The D school at Stanford (David Kelley)
W+K 12 (Wieden + Kennedy school, Victor a German Shepherd pointer)
The Miami Ad School (Ron & Pippa Seichrist)
The VCU BrandCenter (Helayne Spivak)
The Berlin School of Creative Leadership (Michael Conrad)
EPIC (Ken Anderson and Tracey Lovejoy)
UC Berkeley School of Information (AnnaLee Saxenian)
California College of the Arts 
Royal College of Arts
MIT Media Lab
Rhode Island School of Design
IIT Institute of Design (Laura Forlano, thank you Sergio)
Ethnography Training (Norman Stolzoff and Donna Romeo)
Consortium of Practicing and Applied Anthropology
Ohio State (Liz Sanders)
University of North Texas
Wayne State
Columbia Business School (Bob Morais)
Fordham Business School (Timothy Malefyt)
Savannah College of Art and Design (Sarah Johnson and Susan Falls)

As I was noting here, the Annenberg School at USC is coming up fast.

Finally, I recently had lunch with John Curran and he tells me that things are afoot in London. I will leave it to him to reveal the details. (John, please send me a link so that I can include it here.)

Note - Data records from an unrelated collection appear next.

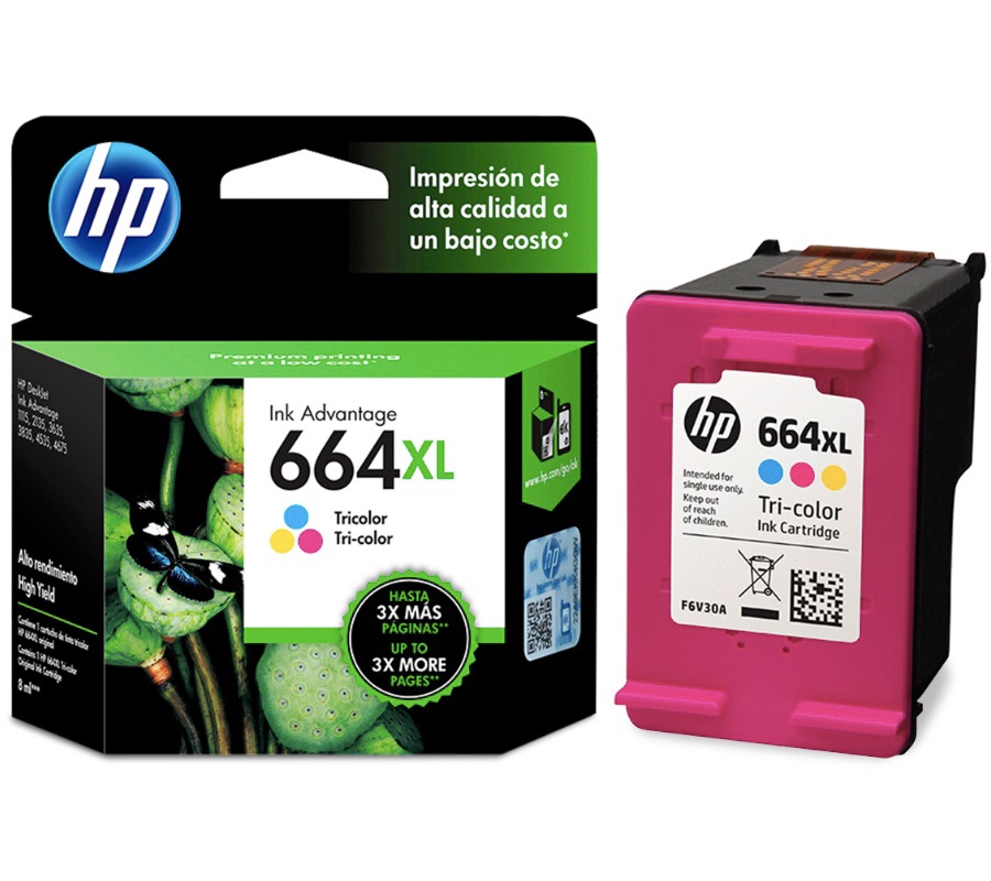 Tinta Original HP Ink Advantage 664XL Tricolor, Alto Rendimiento F6V30AL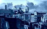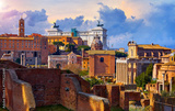 Roman Forum in Rome, Italy. Antique structures with columns. Wrecks of ancient italian roman town. Sunrise above famous architectural landmark by the Capitoline Hill. Dramatic sky.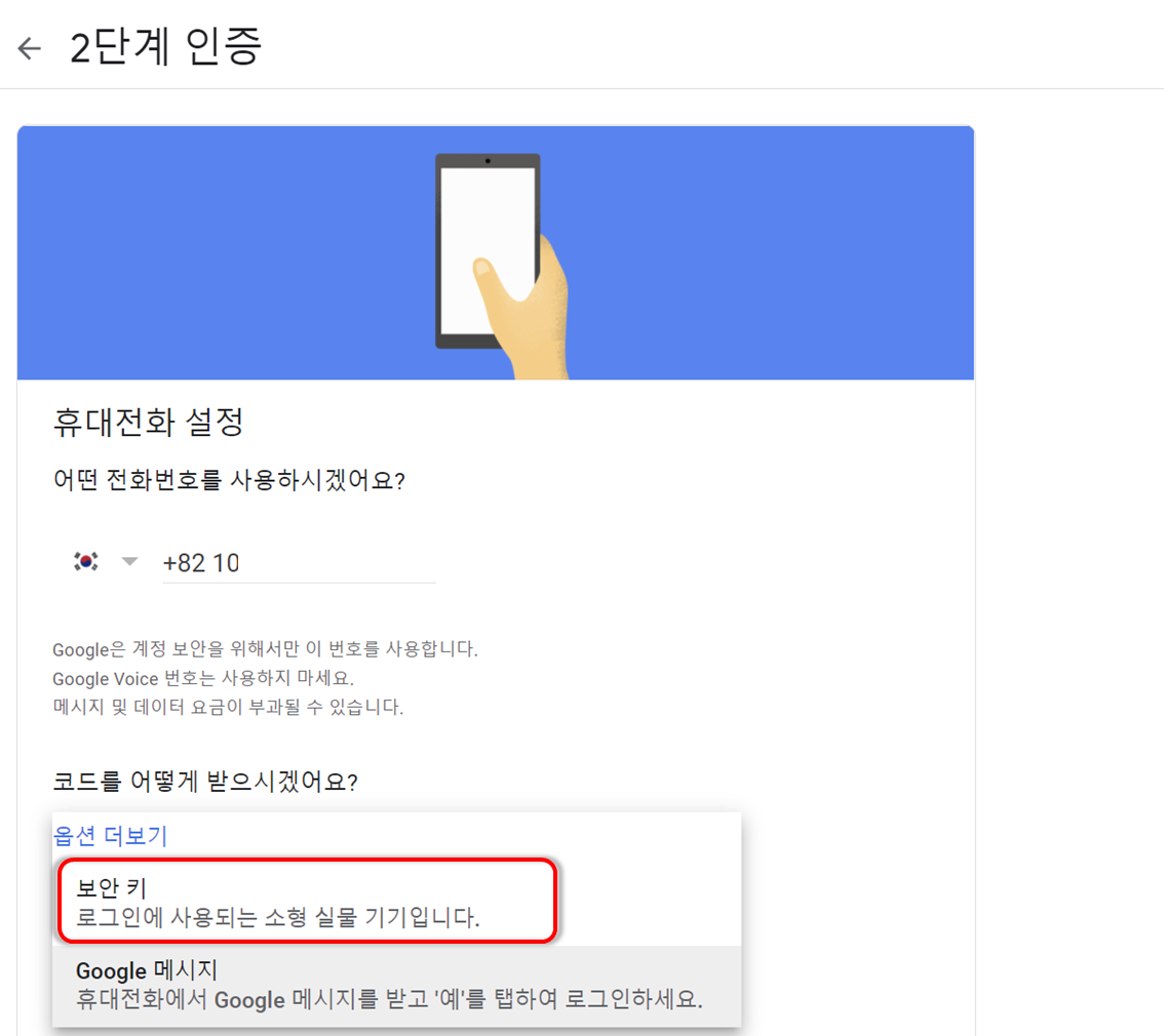 기본값은 휴대폰 번호로 인증을 받는 것이지만, 저는 보안키로 변경해보겠습니다.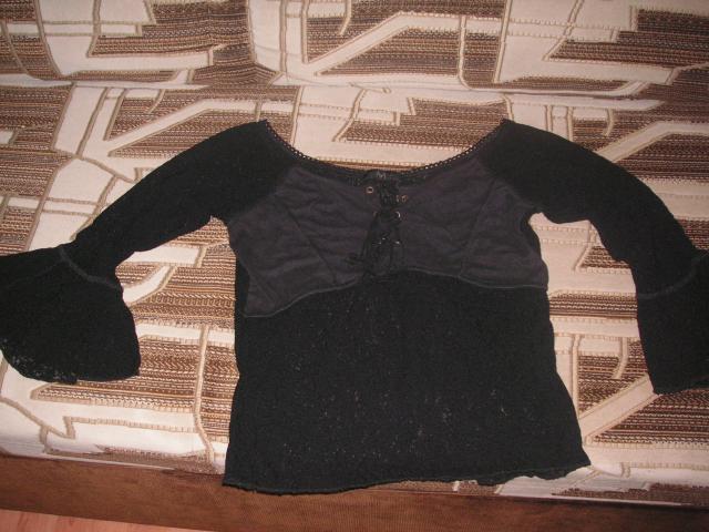 Juodas, su nerinukais, toks pusiau permatomos ties nertinukais. Rankoves 3/4 :) Am kas dar... Priekyje raistukai. Defektu lyg ir nera. O dydis tai s/m nera parasytas :) Jei domintu galeciau ismatuoti apimtis :)
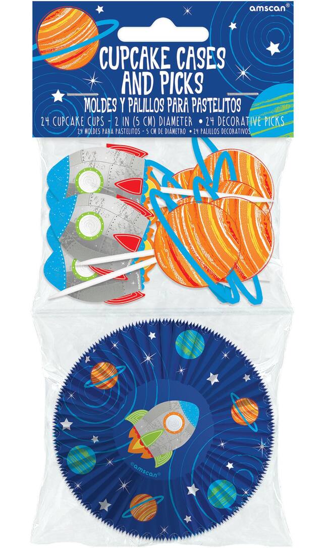 Standard-size baking cups come in outer space design
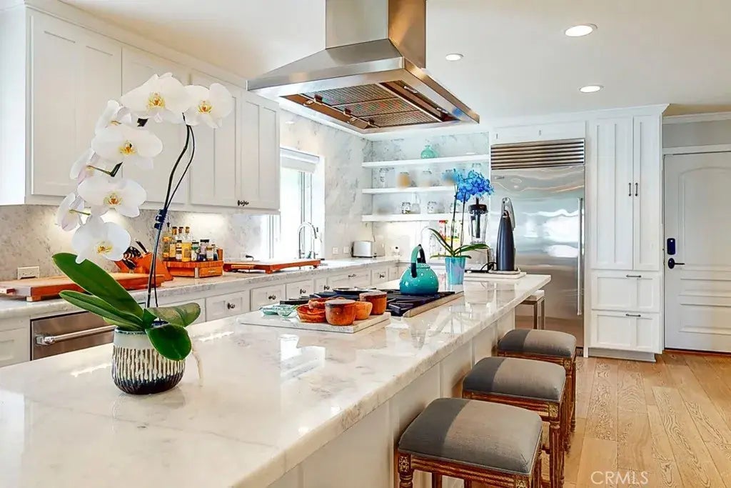 Welcome to this exquisitely remodeled ocean view home on the Gold Coast of Old Town Seal Beach. It is located just 25 steps to the sand and beach, with a completely open concept and spectacular gourmet chef's kitchen to die for! The open concept downstairs area unfolds into the fireside living space with stack-stone and a large adjustable TV above it, flowing into the dining area and kitchen. With the perfect blend of functionality and beauty, the kitchen is what you have always dreamed of, showcasing a sub-zero refrigerator, freezer drawers, dual sinks, Bosch dishwasher, wine refrigerator, gorgeous marble countertops to the ceiling, tons of counter and cabinet space, and a large island with Wolf stove and convection steam oven. The 2 car garage fully remodeled garage includes lots of built-in storage, TVs, tankless water heater and soft water system. The garage makes for a perfect additional entertaining space for friends and family parties. Upstairs there are 3 remodeled bedrooms, 2 bathrooms and a laundry room. The master en-suite is a beautiful sanctuary with luxury master bathroom, beautiful walk-in closet, balcony with ocean view, additional step down area for an office or sitting room and access to the spacious roof deck with stunning ocean views. The step down room in the master could potentially be repurposed to serve as a 4th bedroom. There is also another balcony upstairs. Two other spacious bedrooms are also included along with a gorgeous remodeled bathroom and laundry room with washer/dryer in the hallway. The balcony in front of the home features close-up sand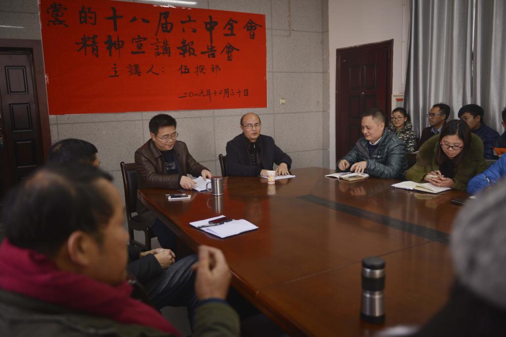 伍揆祁部长从深刻认识六中全会的重大意义,全面加强和规范党内政治生活、强化党内监督、加强制度保障,认真贯彻六中全会精神的基本要求等五个方面,对十八届六中全会精神进行了全面深入地解读。
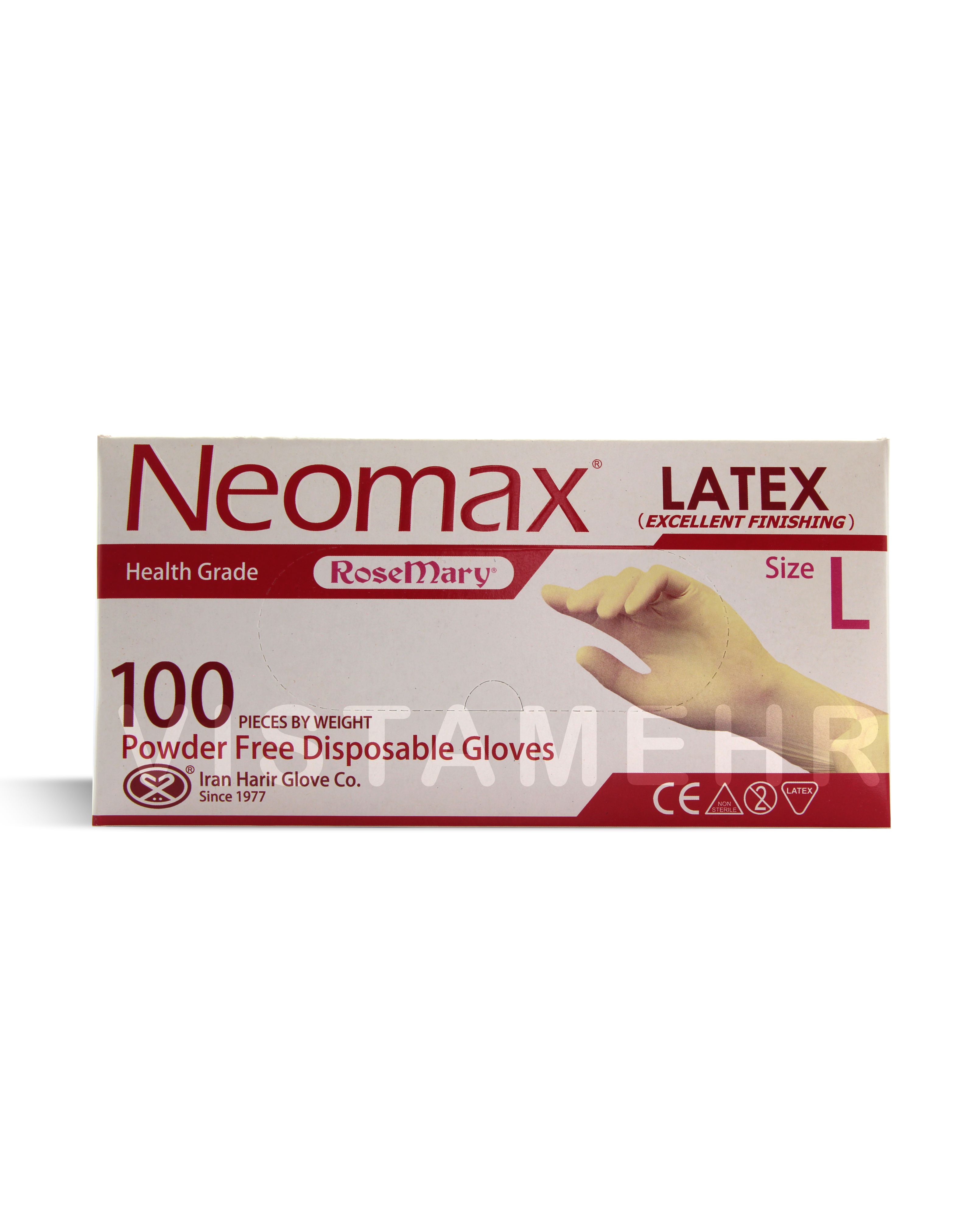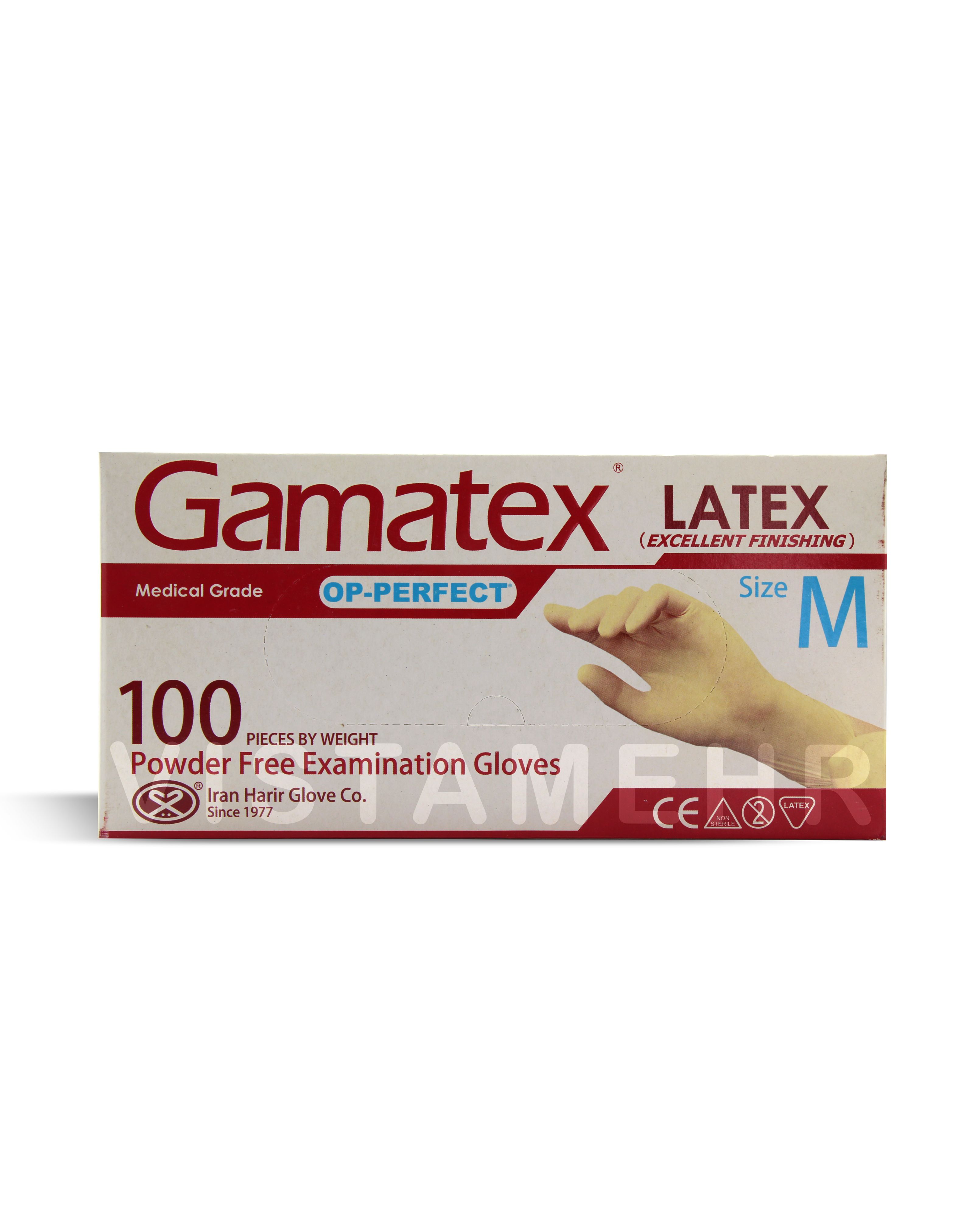 دستکش لاتکس بدون پودر 100 عددی حریر ایران (اوپی پرفکت/گاماتکس/نئومکس)

I am hoping readers will let me know the programs I have missed.

12 thoughts on “Make Ethnography Better

  1. Katherine Bennett

    Grant, you might want to consider Liz Sanders at Ohio State and PJ Stappers at TU Delft, as well as Bruce Hannington at CMU. Both are teaching design research at a pretty advanced level and might take on this challenge. As my email to you just now via Linkedin says, I’ve been endeavoring to cover this in my courses at ArtCenter, and this article gives me inspiration for some tweaks I’m going to make for next term. Thanks!

  2. hinashahid

    I agree you might want to consider Liz Sanders at Ohio State, Christine Miller at Illinois Institute of Technology (formerly at Savannah College of Art and Design), Sarah Johnson at Savannah College of Art and Design. In general more and more design schools focused on strategy and innovation are incorporating anthro/ethno studies.

  3. Michael Powell

    What do you think about the opportunity for the academic side of things (anthro + slow culture) to evolve towards the professional and business side of the diagram? After all, that’s where you came from, right? That’s been my experience, as well, for better and/or for worse. I also recently had the opportunity to attend the SfAA conference for the very first time and while I can’t vouch for much of what was going on there, it was interesting to see a contingent of business anthropology emerging in the applied anthropology world—UNT might be a good case in point, as they are beginning to work on design problems as of late. I don’t know, is this exciting times for the discipline, or do we have a very long way to go and we’re too flat-footed? As much as I want to be an optimist, I vacillate on the answer to that one.

  4. Raymond Pirouz

    Two words: cultural anthropology <– they've always been right there but ethnography — as a convenient shorthand — in the 'wrong hands' loses the core of its roots.

  5. Leah McDougald

    As a practicing design researcher (and trained sociologist) I am forever tackling the challenge of explaining to my clients how and when ethnography is appropriate as a method. Often, the allure of contextual research is what is driving the request, but without proper consideration to what design questions are in need of exploration it may not always be the right tool. Furthermore, the emotional experience is often overlooked by practitioners today and should be leveraged as a way to understand both the slow and fast culture of a product/service/interaction/environment.

    Thanks for the shout out to OSU, Liz Sanders! Please consider the work of Jon Kolko at Austin Center for Design as well.

  6. Christopher Edwards (@xtopher1974)

    Graduate programs in Transdisciplinary Design at Parsons as well as their programs within their urban studies/planning group like Design and Urban Ecologies. These fall under the School for Design Strategies at the New School, where cross disciplinary methods are increasingly part of both graduate and undergraduate curriculum.